See the Introduction to dbplyr for more information.
implyr supports window functions, which enable computation of ranks, offsets, and cumulative aggregates. See Window functions for more information.
worst_delay_each_day <- flights_tbl %>%
group_by(year, month, day) %>%
filter(arr_delay == max(arr_delay)) %>%
arrange(year, month, day) %>%
collect()
implyr supports most two-table verbs, which enable joins and set operations.
airlines_tbl <- tbl(impala, "airlines")
inner_join(flights_tbl, airlines_tbl, by = "carrier")
implyr supports efficient filtering joins.
airlines_tbl <- tbl(impala, "airlines")
southwest_airlines <- airlines_tbl %>% filter(name == "Southwest Airlines Co.")
southwest_flights <- semi_join(flights_tbl, southwest_airlines, by = "carrier")
You can also use dplyr join functions to bring together values from
ARRAY
and MAP
columns with scalar values from the same rows. See
Impala Complex
Types
for more details about ARRAY
and MAP
columns.
Read the Warnings and Current Limitations section below to understand the ways that working with Impala as a remote dplyr data source is different from working with local data or other remote dplyr data sources.
In addition to using dplyr grammar, you can also issue SQL queries to Impala.
To execute a statement that returns no result set, use the dbExecute()
function:
dbExecute(impala, "REFRESH flights")
To execute a query and return the result to R as a data frame, use the
dbGetQuery()
function.
flights_by_carrier_df <- dbGetQuery(
impala,
"SELECT carrier, COUNT(*) FROM flights GROUP BY carrier"
)
Only use dbGetQuery
when the query result will be small enough to fit
in memory in your R session.
You can also execute SQL and return the result as a lazy tbl
:
flights_tbl <- tbl(impala, sql("SELECT * FROM flights"))
When you are finished, close the connection to Impala:
dbDisconnect(impala)
The examples above assume that data has already been loaded into Impala. If you wish to run the examples above, you will need to load data from the package nycflights13 into Impala.
implyr does not provide tools for loading local data into Impala tables. This is because Impala can query data stored in several different filesystems and storage systems (HDFS, Apache HBase, Apache Kudu, Amazon S3, Microsoft ADLS, and Dell EMC Isilon) and Impala does not include built-in capability for loading local data into these systems.
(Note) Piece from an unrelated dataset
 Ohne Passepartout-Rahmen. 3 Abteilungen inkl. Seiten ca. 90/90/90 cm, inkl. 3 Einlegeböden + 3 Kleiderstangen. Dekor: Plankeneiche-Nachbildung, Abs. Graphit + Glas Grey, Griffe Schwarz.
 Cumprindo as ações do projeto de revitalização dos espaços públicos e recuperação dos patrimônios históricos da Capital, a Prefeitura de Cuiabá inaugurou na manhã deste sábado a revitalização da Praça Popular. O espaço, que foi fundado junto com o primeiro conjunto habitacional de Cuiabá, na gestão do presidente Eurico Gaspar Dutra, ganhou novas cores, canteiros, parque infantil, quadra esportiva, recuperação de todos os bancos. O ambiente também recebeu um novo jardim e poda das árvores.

Some other dplyr backends implement the function copy_to
, which copies
a local data frame to a remote source. implyr
implements copy_to
,
but it currently only supports very small data frames. It uses the SQL
INSERT ... VALUES()
technique, which is not suitable for loading large
amounts of data.
HDFS is the most common system for storing data in Impala tables. There are two methods described below for uploading data from R into HDFS.
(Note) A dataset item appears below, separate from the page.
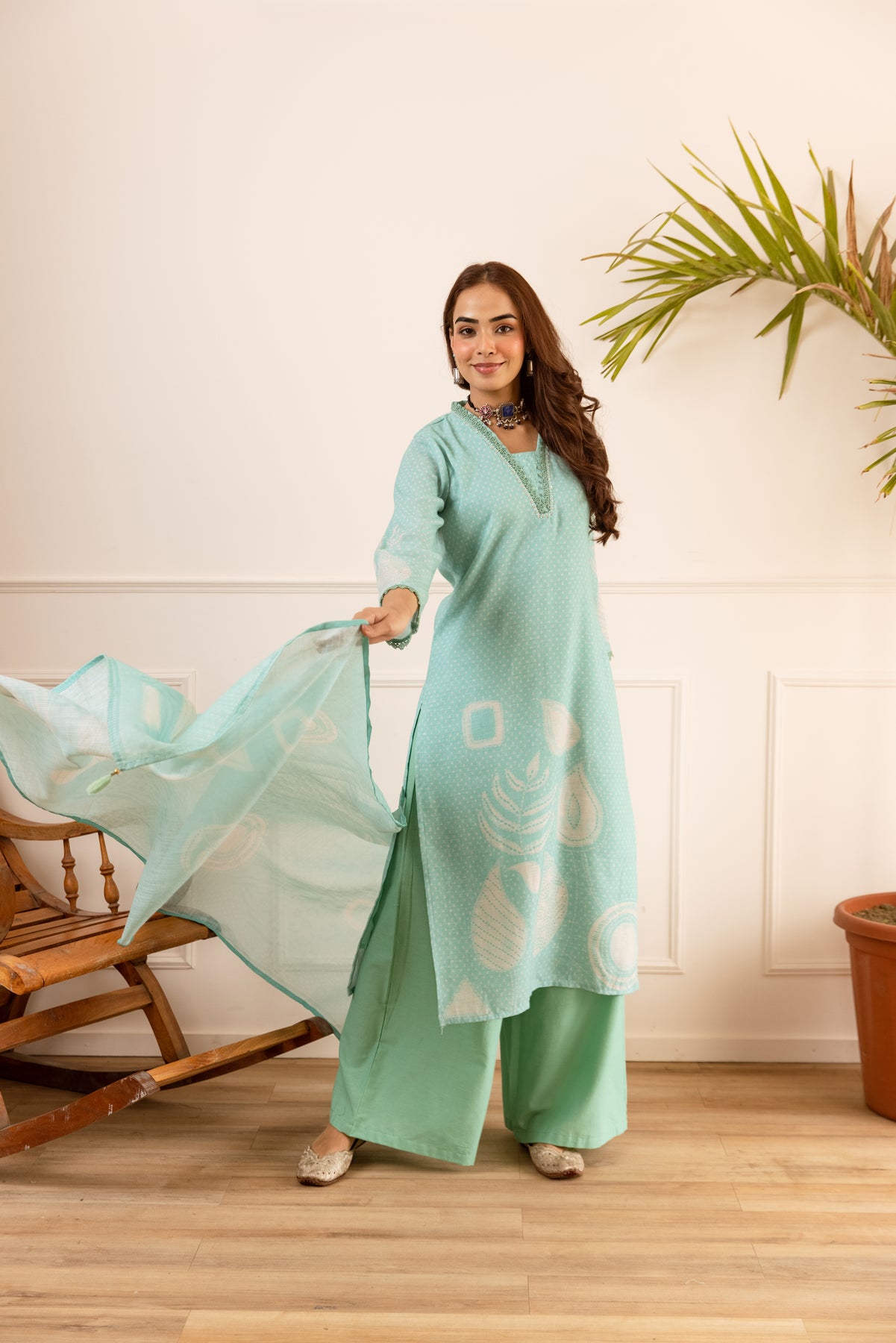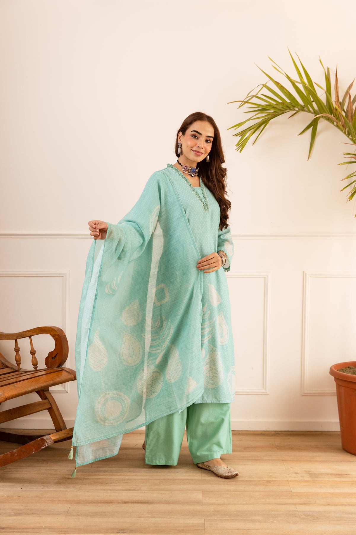 Nehamta Women's Mint Green Natural Linen Kurta With Palazzo & Dupatta set
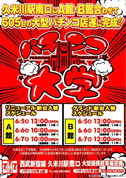 東京都東村山市のパチンコ大学久米川店B館は6/5(月)12:00にグランドオープン!

To load the data frame nycflights13::flights
into HDFS, first install
and load the nycflights13 package:
install.packages("nycflights13")
library(nycflights13)
Then issue an SQL statement to create a table flights
in Impala with a
schema that matches the data frame flights
:
dbExecute(impala, "CREATE TABLE flights (
year SMALLINT,
month TINYINT,
day TINYINT,
dep_time SMALLINT,
sched_dep_time SMALLINT,
dep_delay SMALLINT,
arr_time SMALLINT,
sched_arr_time SMALLINT,
arr_delay SMALLINT,
carrier STRING,
flight SMALLINT,
tailnum STRING,
origin STRING,
dest STRING,
air_time SMALLINT,
distance SMALLINT,
hour TINYINT,
minute TINYINT,
time_hour TIMESTAMP)
ROW FORMAT DELIMITED FIELDS TERMINATED BY '\t'
LOCATION '/user/hive/warehouse/flights'")
Next, write the data frame flights
to a local file:
write.table(flights, file = "flights", quote = FALSE, sep = "\t", na = "\\N", row.names = FALSE, col.names = FALSE)
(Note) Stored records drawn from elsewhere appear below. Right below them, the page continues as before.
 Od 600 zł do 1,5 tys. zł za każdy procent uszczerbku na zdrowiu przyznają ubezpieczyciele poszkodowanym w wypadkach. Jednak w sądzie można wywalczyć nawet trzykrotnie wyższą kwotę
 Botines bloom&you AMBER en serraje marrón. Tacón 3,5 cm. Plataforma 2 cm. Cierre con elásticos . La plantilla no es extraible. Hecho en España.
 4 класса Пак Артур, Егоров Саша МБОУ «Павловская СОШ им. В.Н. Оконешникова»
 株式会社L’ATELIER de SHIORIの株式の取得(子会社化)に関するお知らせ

If the Hadoop File System shell is installed on the system where you are
running R, then you can issue an hdfs dfs -put
command to load this
local file to HDFS. You can issue the command from R using the
system()
function:
system("hdfs dfs -put flights /user/hive/warehouse/flights/000000_0")
Another option is to use the R package rwebhdfs to load the local file into HDFS using the WebHDFS REST API:
devtools::install_github("saurfang/rwebhdfs")
library(rwebhdfs)
hdfs <- webhdfs("host", 50070, "username")
write_file(hdfs, "/user/hive/warehouse/flights/000000_0", "flights")
After loading the data, issue the Impala command INVALIDATE METADATA
to refresh Impala’s metadata cache:
dbExecute(impala, "INVALIDATE METADATA")
The RJDBC package is not fully DBI-compatible. implyr works around these incompatibilities as best it can.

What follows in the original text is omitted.